** REQUIRED WORK **
From first line to last, transcribe the listing exactly and skip any image.

** DATA EXCERPT **
# # # #

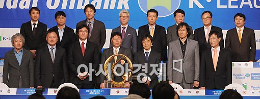 [스포츠투데이 이기범 기자]24일 오후 서울 홍은동 그랜드힐튼호텔에서 열린 '현대오일뱅크 K리그 2011 개막 기자회견'에서 15개팀 감독들이 포토타임을 갖고 있다.스포츠투데이 이기범 기자 metro83@<ⓒ아시아경제 & 재밌는 뉴스, 즐거운 하루 "스포츠투데이(stoo.com)">
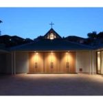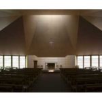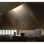 この地に教会が建設されて50年がたち、建物老朽化にともなう建替え計画である。閑静な住宅街の中にありながら、存在を主張しすぎないよう庇の高さを抑え教会のボリュームを和らげた。中庭空間は、親しみやすく住宅地の中にある誰もが集えるポケットパークとなる場の創出を目指した。内部空間は、南東に向けた高窓から聖堂にステンドグラス越しに陽の光が射し込み、主日のミサの時間には内陣に豊かな光が降り注ぐ聖堂空間をイメージした。また、限られたボリュームに平面的な奥行き感を与えるため、内陣北側の広場を緑化し外の内陣としてしつらえた。格子越しに北側の安定した光環境の緑を取り込むことで、聖堂に豊かな拡がりを感じられる空間を創ることを目指した。
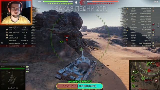 ?Донат ??? -- https://www.donationalerts.com/r/zhemych - ?Донат ??? -- https://www.donationalerts.com/c/zhemych (альтернативная сылка, если первая ссылка не рабочая) ???Донат ☀СКИНАМИ☀ -- https://steamcommunity.com/tradeoffer... ЗАДАНИЯ ?☀: СОГРЕТЬ СТРИМЕРА? - на улице +36 1)Надеть шапку - 98р. (10 минут) 2)Надеть шарф - 67р.(10минут) 3)КОМБО шапка - шарф - 179р. (10 минут) УЛУЧШИТЬ ЗДОРОВЯ СТРИМЕРУ?? 4)Стакан воды за один раз - 23р. 5)Сьесть дольку лука - 29р. 6)Сьесть зубчик чеснока - 65р. 7)Хлеб+Лук+Чеснок+Вода - 160р. 8)Приседаний 10 раз - 95р. CSGO?? 9)МОДЕРКА - 99.р 10)ЗАКАЗАТЬ ЛЮБИМУЮ ПЕСНЮ??? - 20 р. (в донате пишем названия вашей песни) БЕЗ ОЧЕРЕДИ: (в донате пишем ник-нейм) 11)1х1 --------- 50р. 12)ММ; НАПЫ - 100 р 13)ЧЕКНУТЬ ПРОФИЛЬ -- 30р. 14)Сыграть 1 ММ(соревновательный) ОНЛИ ПИСТАЛЕТЫ И БРОНЯ - 350р. Рулетка от SIRI - 110р. ☀сири выберет за Вас донат ☀ (1-14 только эти задания) ===КАТНУТЬ "НОН ПРАЙМ" - 75 рублей== СТРИЖКА/ПОКРАСКА ВОЛОС ВЫстрич по средине головы - 4,500р. ВЫстрич по средине головы и ходить так 5 дней - 13,000р. ПОД 0 - 8,543р. Окрас волос (белый цвет) - 25,000р. Волосы + брови 33,000р. (цвет белый) Окрас волос в яркий цвет (жолтый, орнаж, красный) - 50,000р. ?TIK-TOK - https://www.tiktok.com/@zhemych_live?... ⭐Insta - https://www.instagram.com/zhemych ? Характеристики Стримера: Зовут меня: ZHEMYCH - ЖЕНЯ Сколько мне лет: 25 лет Откуда я: Я из УКРАИНЫ Чем я занимаюсь: катаю с Вами в WOT Какие цели: Хочу поднять аудиторию которая будет всегда со мной) ?? Характеристики компьютера: Процесор - Intel Core i5-8400 Видеокарта - MSI PCI-Ex GeForce GTX 1660 Ventus XS 6G Жорсткий диск - Western Digital Blue 1TB 7200rpm Корпус - GameMax G529 Материнська плата - Gigabyte Z370P D3 SSD - Kingston SSDNow A400 240GB 2.5" SATAIII TLC Оперативна пам'ять - HyperX DDR4-2666 16384MB БП - GameMax GP-650 650W

# # # #

** OUTPUT BELOW **
 [스포츠투데이 이기범 기자]24일 오후 서울 홍은동 그랜드힐튼호텔에서 열린 '현대오일뱅크 K리그 2011 개막 기자회견'에서 15개팀 감독들이 포토타임을 갖고 있다.스포츠투데이 이기범 기자 metro83@<ⓒ아시아경제 & 재밌는 뉴스, 즐거운 하루 "스포츠투데이(stoo.com)">
 この地に教会が建設されて50年がたち、建物老朽化にともなう建替え計画である。閑静な住宅街の中にありながら、存在を主張しすぎないよう庇の高さを抑え教会のボリュームを和らげた。中庭空間は、親しみやすく住宅地の中にある誰もが集えるポケットパークとなる場の創出を目指した。内部空間は、南東に向けた高窓から聖堂にステンドグラス越しに陽の光が射し込み、主日のミサの時間には内陣に豊かな光が降り注ぐ聖堂空間をイメージした。また、限られたボリュームに平面的な奥行き感を与えるため、内陣北側の広場を緑化し外の内陣としてしつらえた。格子越しに北側の安定した光環境の緑を取り込むことで、聖堂に豊かな拡がりを感じられる空間を創ることを目指した。
 ?Донат ??? -- https://www.donationalerts.com/r/zhemych - ?Донат ??? -- https://www.donationalerts.com/c/zhemych (альтернативная сылка, если первая ссылка не рабочая) ???Донат ☀СКИНАМИ☀ -- https://steamcommunity.com/tradeoffer... ЗАДАНИЯ ?☀: СОГРЕТЬ СТРИМЕРА? - на улице +36 1)Надеть шапку - 98р. (10 минут) 2)Надеть шарф - 67р.(10минут) 3)КОМБО шапка - шарф - 179р. (10 минут) УЛУЧШИТЬ ЗДОРОВЯ СТРИМЕРУ?? 4)Стакан воды за один раз - 23р. 5)Сьесть дольку лука - 29р. 6)Сьесть зубчик чеснока - 65р. 7)Хлеб+Лук+Чеснок+Вода - 160р. 8)Приседаний 10 раз - 95р. CSGO?? 9)МОДЕРКА - 99.р 10)ЗАКАЗАТЬ ЛЮБИМУЮ ПЕСНЮ??? - 20 р. (в донате пишем названия вашей песни) БЕЗ ОЧЕРЕДИ: (в донате пишем ник-нейм) 11)1х1 --------- 50р. 12)ММ; НАПЫ - 100 р 13)ЧЕКНУТЬ ПРОФИЛЬ -- 30р. 14)Сыграть 1 ММ(соревновательный) ОНЛИ ПИСТАЛЕТЫ И БРОНЯ - 350р. Рулетка от SIRI - 110р. ☀сири выберет за Вас донат ☀ (1-14 только эти задания) ===КАТНУТЬ "НОН ПРАЙМ" - 75 рублей== СТРИЖКА/ПОКРАСКА ВОЛОС ВЫстрич по средине головы - 4,500р. ВЫстрич по средине головы и ходить так 5 дней - 13,000р. ПОД 0 - 8,543р. Окрас волос (белый цвет) - 25,000р. Волосы + брови 33,000р. (цвет белый) Окрас волос в яркий цвет (жолтый, орнаж, красный) - 50,000р. ?TIK-TOK - https://www.tiktok.com/@zhemych_live?... ⭐Insta - https://www.instagram.com/zhemych ? Характеристики Стримера: Зовут меня: ZHEMYCH - ЖЕНЯ Сколько мне лет: 25 лет Откуда я: Я из УКРАИНЫ Чем я занимаюсь: катаю с Вами в WOT Какие цели: Хочу поднять аудиторию которая будет всегда со мной) ?? Характеристики компьютера: Процесор - Intel Core i5-8400 Видеокарта - MSI PCI-Ex GeForce GTX 1660 Ventus XS 6G Жорсткий диск - Western Digital Blue 1TB 7200rpm Корпус - GameMax G529 Материнська плата - Gigabyte Z370P D3 SSD - Kingston SSDNow A400 240GB 2.5" SATAIII TLC Оперативна пам'ять - HyperX DDR4-2666 16384MB БП - GameMax GP-650 650W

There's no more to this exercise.